Phosphatidylinositol 3-kinase (PI-3K) is a heterodimer of an 85-kDa (p85) adaptor subunit and a 100-kDa (p110) catalytic subunit [
34]. PI-3K activation has been linked to a number of biological processes such as cell survival, membrane trafficking, and insulin-stimulated glucose transport [
35]. The serine-threonine protein kinase Akt is a downstream target of PI-3K-generated signals. A number of different growth factors have been shown to rapidly activate Akt via PI-3K signaling, such as platelet derived growth factor, epidermal growth factor, bFGF, insulin, and insulin-like growth factor 1 [
36]. Akt may affect NF-κB through multiple mechanisms. It has been demonstrated previously that TNF-α activates Akt, which phosphorylates and activates IKKα, thus promoting NF-κB function [
37]. Interleukin-1 can also increase the transactivation potential of the RelA subunit of NF-κB through a mechanism in which Akt has been implicated [
38]. Our results demonstrated that HIMF induced Akt phosphorylation in SVEC 4–10 cells. The time-course of Akt phosphorylation is compatible with that of NF-κB activation in HIMF stimulated cells. Pretreatment of cells with LY294002, a PI-3K specific inhibitor, attenuated HIMF-induced Akt phosphorylation. Further, transfection of Δp85 blocked HIMF-induced phosphorylation of the IKK and IκBα, NF-κB activation, and thus prevented upregulation of Flk-1. These results provided strong evidence of HIMF induced cell signaling in endothelial cells via PI-3K/Akt, which cross talks with NF-κB, in the mediation of Flk-1 upregulation.

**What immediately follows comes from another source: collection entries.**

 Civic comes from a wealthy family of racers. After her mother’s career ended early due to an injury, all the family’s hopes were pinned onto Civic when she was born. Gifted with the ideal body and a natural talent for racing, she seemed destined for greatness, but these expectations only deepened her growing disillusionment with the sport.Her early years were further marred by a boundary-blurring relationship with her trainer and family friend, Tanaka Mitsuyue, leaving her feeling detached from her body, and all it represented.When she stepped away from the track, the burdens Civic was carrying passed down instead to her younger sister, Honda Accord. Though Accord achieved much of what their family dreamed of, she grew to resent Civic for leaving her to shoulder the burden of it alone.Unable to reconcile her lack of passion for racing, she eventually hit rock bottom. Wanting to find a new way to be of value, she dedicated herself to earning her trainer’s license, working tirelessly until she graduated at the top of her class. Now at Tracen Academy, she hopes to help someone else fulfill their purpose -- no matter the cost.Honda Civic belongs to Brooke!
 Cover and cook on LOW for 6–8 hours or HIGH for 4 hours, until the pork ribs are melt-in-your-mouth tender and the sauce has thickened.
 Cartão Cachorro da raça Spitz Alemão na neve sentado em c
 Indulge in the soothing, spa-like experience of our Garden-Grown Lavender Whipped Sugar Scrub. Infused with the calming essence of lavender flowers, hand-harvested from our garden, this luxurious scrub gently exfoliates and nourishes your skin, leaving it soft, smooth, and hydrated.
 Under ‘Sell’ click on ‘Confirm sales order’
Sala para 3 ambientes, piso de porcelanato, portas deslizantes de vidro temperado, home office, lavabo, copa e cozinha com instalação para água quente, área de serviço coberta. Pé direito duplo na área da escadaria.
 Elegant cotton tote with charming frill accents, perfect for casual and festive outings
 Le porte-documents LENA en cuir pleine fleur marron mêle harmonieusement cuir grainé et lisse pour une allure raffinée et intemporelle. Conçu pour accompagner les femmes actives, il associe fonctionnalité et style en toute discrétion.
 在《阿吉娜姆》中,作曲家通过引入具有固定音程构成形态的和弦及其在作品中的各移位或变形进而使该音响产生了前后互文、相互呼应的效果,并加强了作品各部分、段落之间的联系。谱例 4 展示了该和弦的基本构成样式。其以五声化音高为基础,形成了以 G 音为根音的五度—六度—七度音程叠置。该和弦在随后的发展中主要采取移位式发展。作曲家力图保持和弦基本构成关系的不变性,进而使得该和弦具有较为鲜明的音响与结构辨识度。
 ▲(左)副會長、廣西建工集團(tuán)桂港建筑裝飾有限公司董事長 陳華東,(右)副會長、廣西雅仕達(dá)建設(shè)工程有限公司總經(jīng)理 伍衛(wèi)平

In summary, the current studies indicated that HIMF enhances Flk-1 expression in mouse lung tissues and endothelial cells in a PI-3K/Akt-NF-κB signaling pathway-dependent manner, which at least in part, elucidated the molecular mechanisms of transcriptional regulation of the Flk-1/KDR gene and contributed to our better understanding of the functions of HIMF in pulmonary angiogenesis and maintenance of pulmonary vascular homeostasis.